I've been reading today, a density of academic articles, which I have tried to decipher. The language...every genre, discipline has its jargon and we knew of course from the onset, that our creative task would be that of translation, interpretation and interpolation.
What am I trying to insert here? My own subjective experience, I bring to bear my shadowy weight on the research, the process, and the discussion. 
There has been an abiding image that has been floating around in the background since last week and coming into sharp relief as I tried to make sense of the Osteology of the Newton Plantation.
I was invited to the Bristol Old Vic, a Press night of their new production. Knee High's latest production 'The Lovers' based on that painting by Marc Chagall. I'm not digressing really, stay with me here. Anyway here I was in that space, hundreds of theatre goers, and I am the only Black face, well okay there was two of us. Money flows in the Bristol Old Vic's direction, public and private, and part of its history is the money to set up the Old Vic, so I'm told was from the Merchant Venturers.
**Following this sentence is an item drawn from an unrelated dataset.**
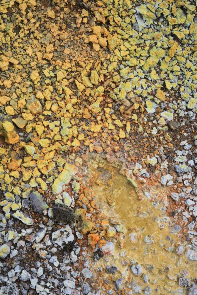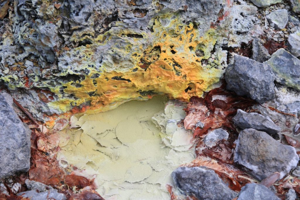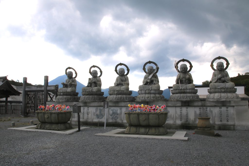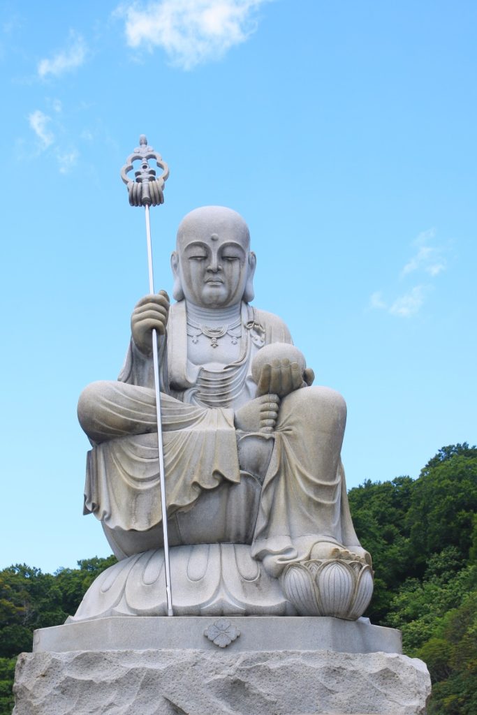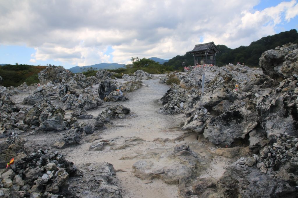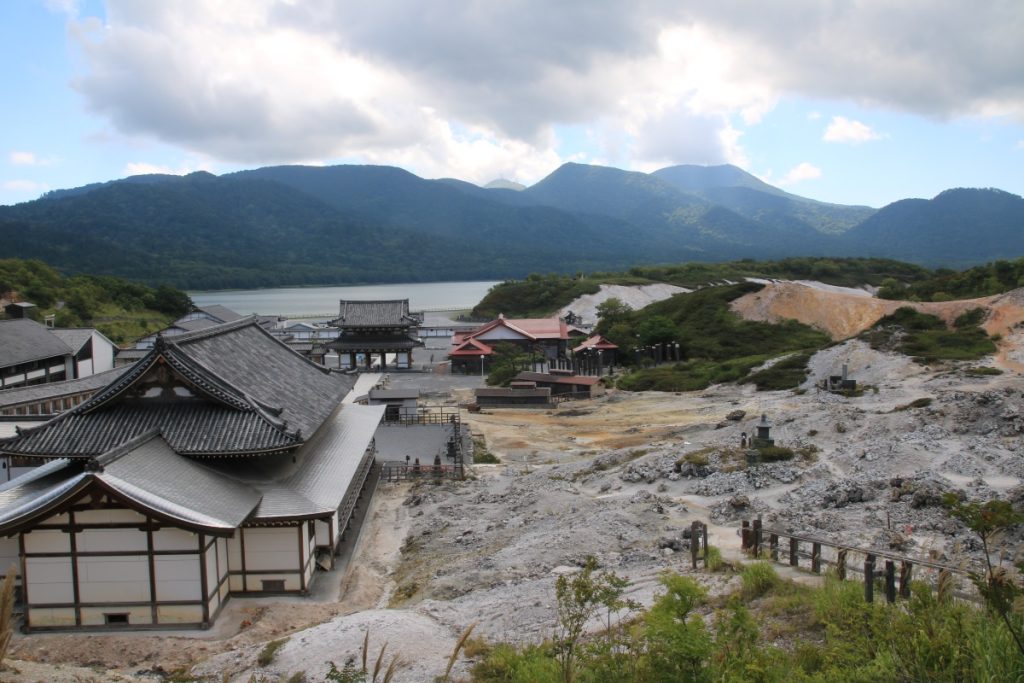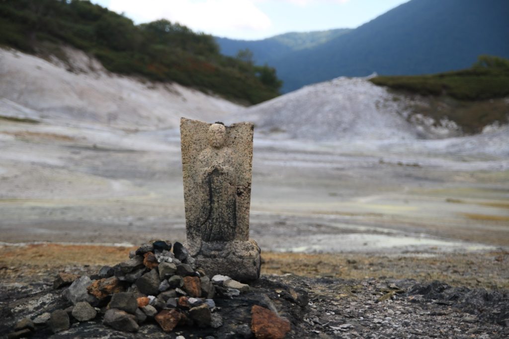 Osorezan is one of the most spiritual places in Japan. The Osoresan Bodaiji Temple was founded in 862 CE by Jikaku Daishi Ennin. He received a divine message in a dream telling him to travel east and find the holy peak. There, he should create an image of the Bodhisattva and establish Buddhism. The area surrounding the temple represents heaven and hell. The barren land represents hell. The heavy sulfur smell and yellow terrain prevent living organisms from inhabiting the area. The barren land is surrounded by a dense forest, creating a surreal atmosphere. There are many Buddhist statues in this spiritual area.

Why should it matter that I was in a space that felt like being a Where's Wally picture? 
Because in that moment I saw a blanket of white, a totality of faces, a wall. And I came away feeling deflated, vulnerable, frustrated. This is still here in 2016. 
The past is still here, we are very much in touching distance. I can still be shoulder brushed by a merchant. 

And all for a sweet tooth, that cursed sweet, sweet tooth. I wondered about tooth decay mouldering and mottling in a Clifton drawing room. And I read about arrested growth lines on teeth, in the Osetology of a Plantation. 
Is Osetology the Archeology of teeth?  
While I was still feeling the brush of a merchant, I read that Barbados was the richest colony in the new world, at one point. A sugary jewel in a crown.  I read about lead toxicity found in teeth, thanks to the tainted rum, workers drank. 
Pipe smoking,  incisor mutilation, the markings of residual culture. 
'Absence of evidence is not evidence of absence.'
Just because we don't know, doesn't mean it didn't happen.  So there were other articles ruminating on the absence of babies, or rather infants, and 'sub adults' in the family burial grounds. And an image was tossed out in the hypothesis, of babies not buried, babies being thrown into bushes. 
We fill in the gaps only too well, there is much to see in the absence. 
Healed and active lesions, venereal disease, babies with congenital' syphillis being thrown in the bush.
Lesions and trauma, and life expectancy on Newton Plantation, that sugared jewel is only 20 years old. 
And for women it is less. In fact Newton females were dying earlier than other reported enslaved groups.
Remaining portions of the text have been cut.